Rechtsanwalt Marcus Schröter, MBA



Ich bin alleinerziehend; mein Erziehungsurlaub endet am 22.05.2006; ich war vor dem Erziehungsurlaub seit 6 Jahren bei einem kirchlichen Träger mit der Betreuung/ alleinige Leiterin einer Kinder-Tagesgruppe beschäftigt ( Arbeitszeit von 10-18 Uhr ).

Als ich in den Erziehungsurlaub ging, wurde von meiner Chefin diese Stelle mit einer neu eingestellten Mitarbeiterin mit unbefristetem Arbeitsvertrag besetzt.

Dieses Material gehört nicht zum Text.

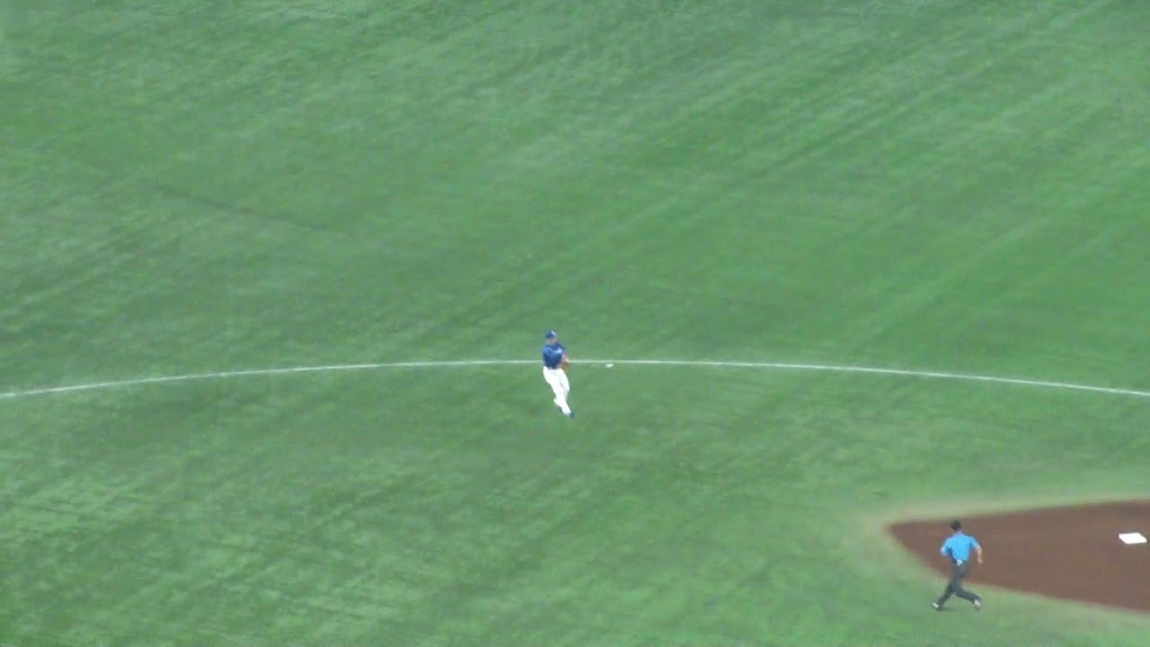 1回裏1アウト1塁で、泉口友汰のゴロをショート山本泰寛が逆シングルでキャッチ後、セカンド田中幹也にジャンピングスローし、643のゲッツー。

Nach entsprechender Nachfrage wurde mir nun mitgeteilt, dass diese Stelle nicht mehr für mich frei ist ( die Kinder Tagesgruppe besteht aber noch )und mir eine Stelle mit teilweiser Wochenend- und Nachtarbeit in der Betreuung von verhaltensgestörten Jugendlichen angeboten ( in meinem Arbeitsvertrag steht "Pädagogin" und leider nicht Erzieherin ).

Aus meiner Sicht hat die Chefin einfach versäumt, bei der Einstellung der neuen Mitarbeiterin einen befristeten Arbeitsvertrag zu machen.

Einen Arbeitsplatz als Alleinerziehende und mit Wochenend und Nachtarbeit kann ich unmöglich annehemen und ist aus meiner Sicht auch nicht adäquat zu meinem vorherigen Arbeitsplatz.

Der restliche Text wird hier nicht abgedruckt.